The argument for avoiding ETFs with little or no track record carries with it a tad bit more merit than the aforementioned. Obviously, one cannot predict future performance, however one can "back test."

Many of the "new" ETFs track or attempt to replicate an index that has been in existence for some time. I would argue that these ETFs should not be dismissed simply because they are "new" or without a "3-year" track record.

An example here might include the SPDR S&P Health Care Services ETF (NYSEARCA:XHS). Take note here that the ETF has ADV of less than 2k shares per day, but implied liquidity in excess of 750k shares per day. This fund launched in September of 2011, however the index has been around far longer.

Since the ETF tracks the index, wouldn't it make sense to give the ETF the benefit of the doubt here and look at the historical performance of the index when back testing?

Now, I am not oblivious to the fact that not all ETFs track Indices that have been around a long time. There are many actively-managed ETFs available today with even more in the pipeline. These active managers with proprietary methodologies may very well have to earn their track record the traditional way, by the clock.

Lastly, I would like to explain what happens to an ETF when it de-lists or closes down:

While in most cases, the investors will, in fact, lose the ability to trade the product on a listed exchange (they can often times trade off exchange), the fund itself will liquidate the assets in the fund (which, by the way, are held at a custodial bank). Once these assets are liquidated, the ETF holders will receive what you should know as FINAL NAV. This will be calculated based on the proceeds of the fund liquidation.

Fund managers do not look to execute poorly, so please understand that careful attention is given to the liquidation process to insure that the ETF holders get maximum value on closing.

The major risk is that the proceeds from liquidation could take a week (or more) to receive once a fund is delisted and the liquidation process commences.

In summary:

It is very important that investors and fund managers understand how and why liquidity exists in ETFs, and that sourcing ETF liquidity is materially different in more ways than sourcing single stock liquidity.

AUM and ADV do NOT accurately assess an ETFs' implied liquidity.
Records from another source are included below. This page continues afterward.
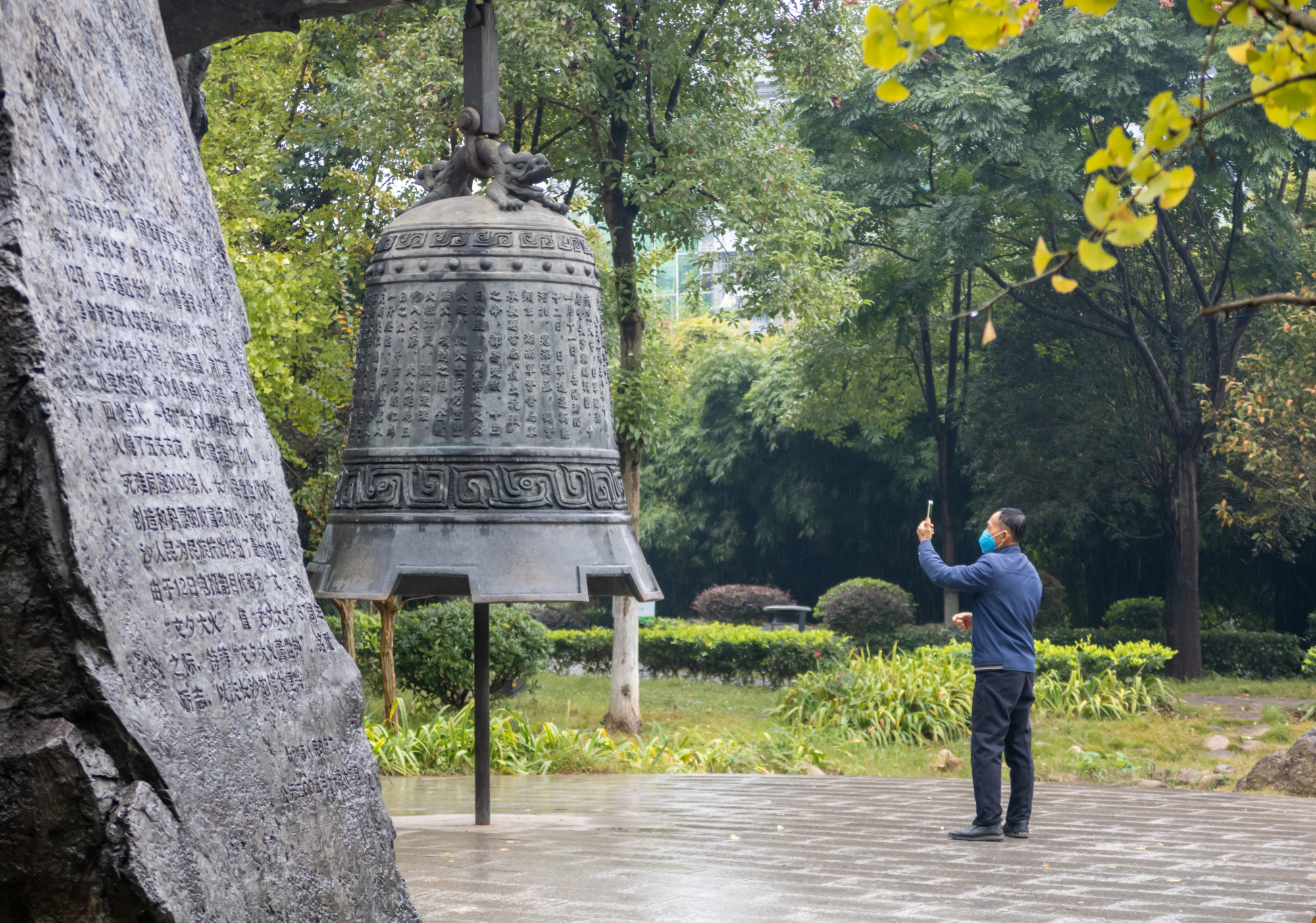 西厢公园很小,只有“巴掌大”,一眼便可及,目光所到之处,有泛黄的银杏树,还未红透的红枫,70年的紫薇树,还有一座警世钟,“麻雀虽小,五脏俱全”,西厢公园内的秋意正浓,各种颜色混合在一起,像画师打翻了手中的颜料,洋洋洒洒的落在大地上。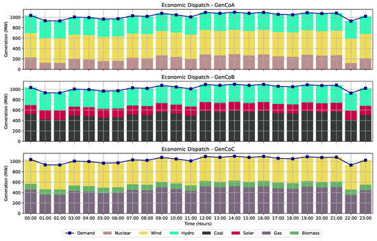 Although there are minor differences in the O&M costs and capacities of RES, and due to the fact that each GenCo operates with its distinct combination of energy sources, it is not necessary for them to standardize their GenUnits for comparison. Initially, during the dispatch of RES, generation costs across companies generally exhibit minimal variation. However, as the demand necessitates the dispatch of baseload generation units, disparities in profitability become evident, leading to increased generation costs and subsequent profit differentials. Thus, each GenCo’s unique energy portfolio necessitates flexibility in unit selection. Furthermore, the capacity of these baseload generation units does not significantly affect the economic dispatch process, since they typically operate below their full capacity. Therefore, variations in the capacities of baseload generation units among the GenCos under study are acceptable and do not hinder the comparability of results.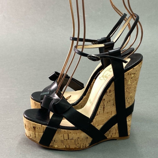 9f4 《美品》 Christian Louboutin クリスチャンルブタン ウェッジコルクソール レザーリボンサンダル 36 1/2 ブラック leather シューズ 保存袋 箱付き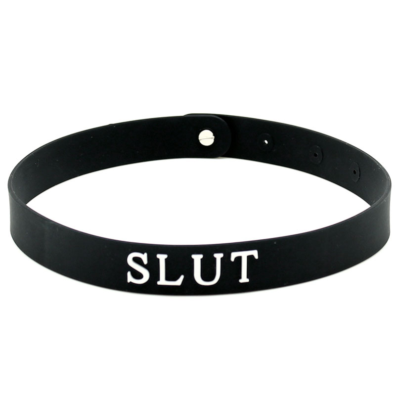 The word SLUT is written on the front of the collar in white letters.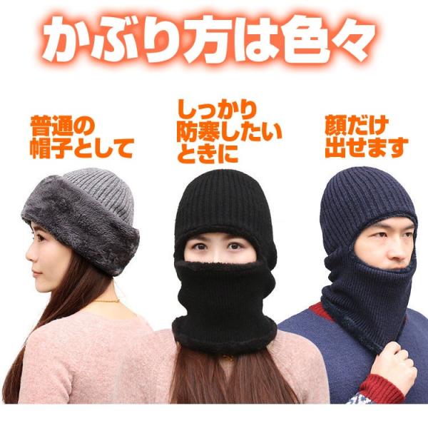 ニット帽 目出し帽 ニットキャップ フェイスマスク ネックウォーマー 裏ボア 帽子 防寒 ブラック ふわふわ 男女兼用 暖かい スキーつば付き選択可 LP-SKHT100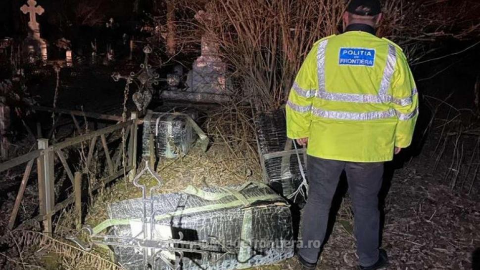 Polițiștii de frontieră botoşăneni au descoperit, în urma unei acțiuni, 6.734 de pachete cu ţigarete de contrabandă, în valoare totală de aproximativ 68.000 de lei, ascunse într-un cimitir.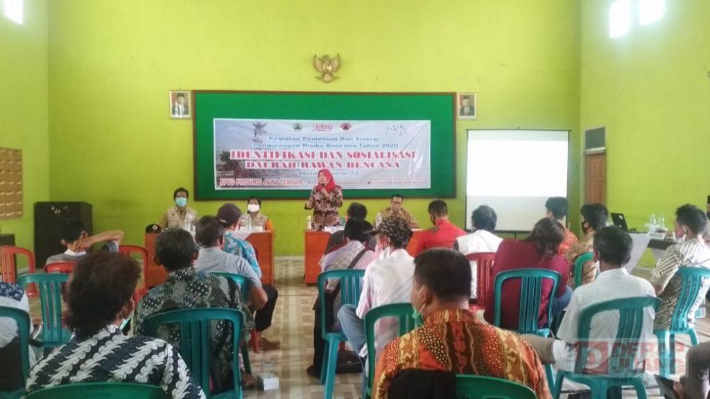 Kabupaten Kebumen – Anggota Fraksi PDI Perjuangan Jawa Tengah, Hj. Sri Ruwiyati, S.E., M.M., bersama tim dari Badan Penanggulangan Bencana Daerah (BPBD) Provinsi Jawa Tengah dan BPBD Kab. Kebumen kembali menggelar sosialisasi Protokol Kesehatan Covid-19, serta mitigasi kebencanaan. Kegiatan bertajuk “Pemetaan dan Sinergi Pengurangan Risiko Bencana Tahun 2020, Identifikasi dan Sosialialisasi Daerah Rawan Bencana”, dipusatkan di GOR Desa Semanding, Gombong, Senin (16/11/2020).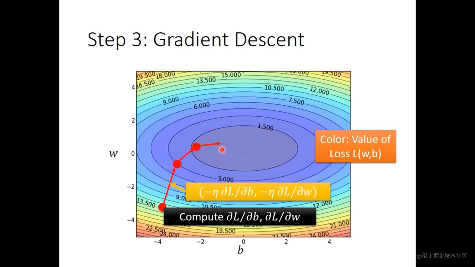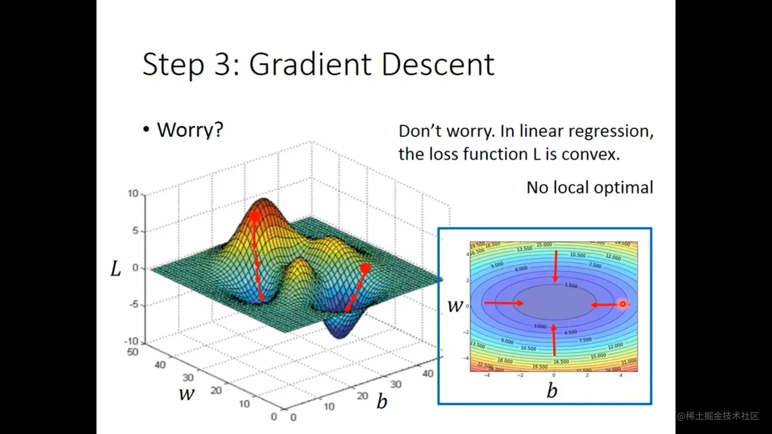 但是后续中发现它在linear regression中是一个凸函数,是没有局部最优解的。图像就像是等高线图,每更新一步调整一次“角度”,也就是斜率,直到抵达“山底”。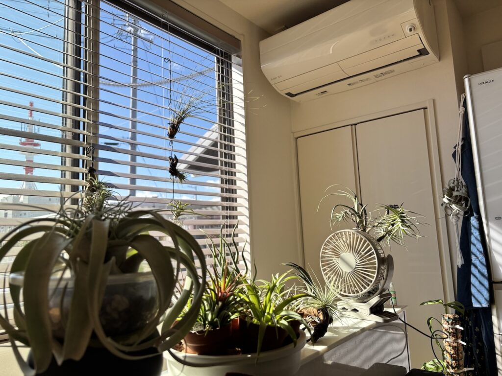 私の経験ですが、エアコンの直風が当たる場所でも葉幅の広いティランジアはピンピンしていました。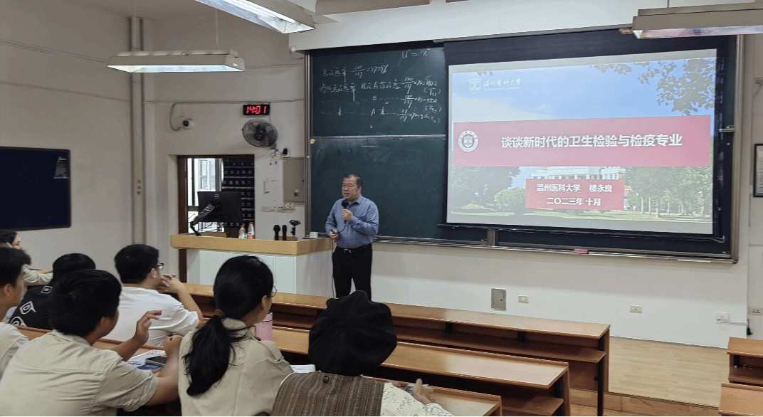 卫生检验与检疫专业新生教育大会由专业负责人楼永良老师主讲,楼永良老师介绍了麻豆社 以及卫检专业的发展历程、卫检专业概况、如何成为一名优秀的新时代卫检人才三个方面出发,为2023级新生进行了学业规划等多方面的引导,他着重分析了卫检专业发展前景,并对同学们成为一名优秀的卫检专业人才提出了殷切期望。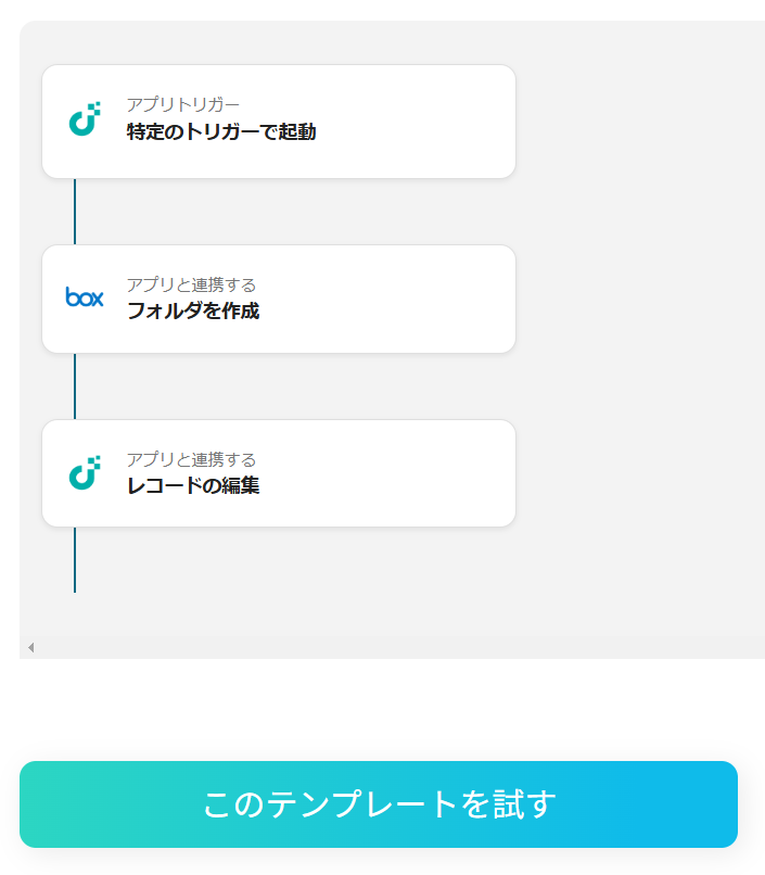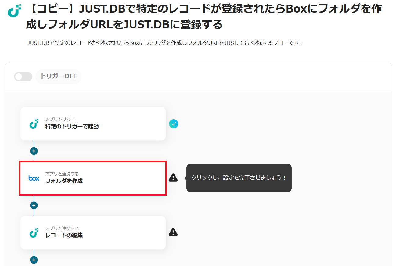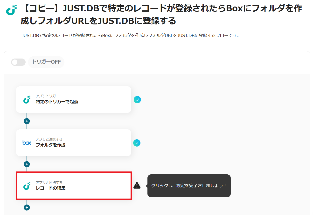 以降は、JUST.DBで特定のレコードが登録されたら、Boxにフォルダが作成され、フォルダURLがJUST.DBに登録されるプロセスが自動化されます。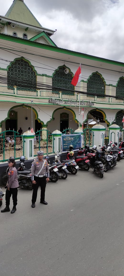 Polresta Ambon- Satuan Lalu Lintas Polresta Pulau Ambon dan Pulau-Pulau Lease melaksanakan pengamanan pelaksanaan Shalat Jumat di sejumlah titik pusat keramaian, Jumat siang (8/8).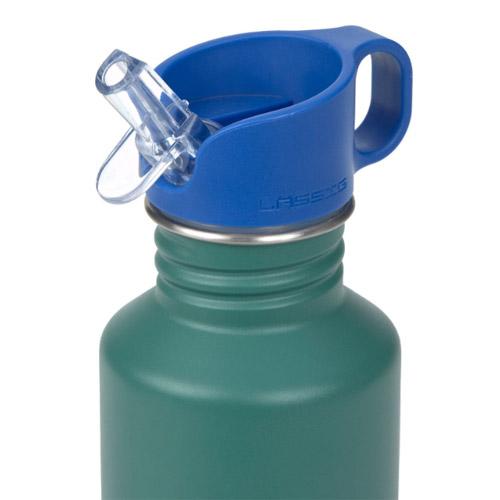 De robuuste LÄSSIG roestvrijstalen fles in groen met praktische sportdop uit de Little Gang collectie.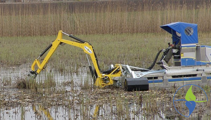Na prvoj slici je seča trske amfibijom, dok na drugoj se seče i usitnjava koren trske sa ciljem povećanja otvorene vodene površine. Tekst: Klara Sabadoš

ETFs are backed by assets, not promises. While some ETNs and leveraged/inverse ETPs do contain swaps, the majority of ETFs are backed by equities, bonds and physical assets.

Disclosure: I have no positions in any stocks mentioned, and no plans to initiate any positions within the next 72 hours.

Business relationship disclosure: My firm provides marketing consulting and related advisory services to WallachBeth Capital.